I want to make something similar that loads RSS feeds from various sites and displays the headlines in a scroller.
The newspaper's vendor feed system was a hodge podge of PHP and shell scripts written by numerous programmers over the years. When I took over maintenance duties, some of the scripts were so cryptic and convoluted that I literally had to sit down with pen and paper and reverse engineer them every time I needed to make a simple change.
Over time, I rewrote a lot of the scripts to be easier to read and modify. Changes that took days to make before could now be done in an hour or two -- modified, tested, and pushed to production. Most notably, I created the XML parser base class mentioned elsewhere that could be extended to parse just about any new feed the paper subscribed to.
It always seemed to me that something more could be done to simplify and streamline the system though. Although I didn't know exactly how I'd go about it at the time, I had the idea that the system could be refactored as a pipeline of standardized modules; i.e., a handful of modules from a relatively small set could be chained together to import each feed. None of this business of writing a whole new script for every single feed.
That's what I wanted to do, but I never found the time.
This week, I've made considerable progress towards building such a system. The new system is divided into a few distinct stages.

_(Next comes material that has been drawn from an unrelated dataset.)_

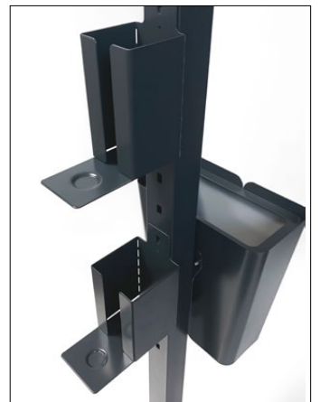
Clean dispenser holder, Small, Large and Hold mini.

* You buy Tork M1 and Katrin Touchfree Dispenser from your daily office supplier.

Filters can be plugged in between stages to make minor changes to the data, so that the standard modules can process it without needing to be modified themselves.
1. Pre-download filtering
2. Download the feed with a standard FTP or HTTP module
3. Pre-parse filtering
4. Parse the feed with a standard RSS, Atom, or JSON module
5. Pre-import filtering
6. Import the feed articles into the database and download media attachments with a standard FeedImport module
7. Post-import filtering
I'll go over some use cases for the several filtering stages later.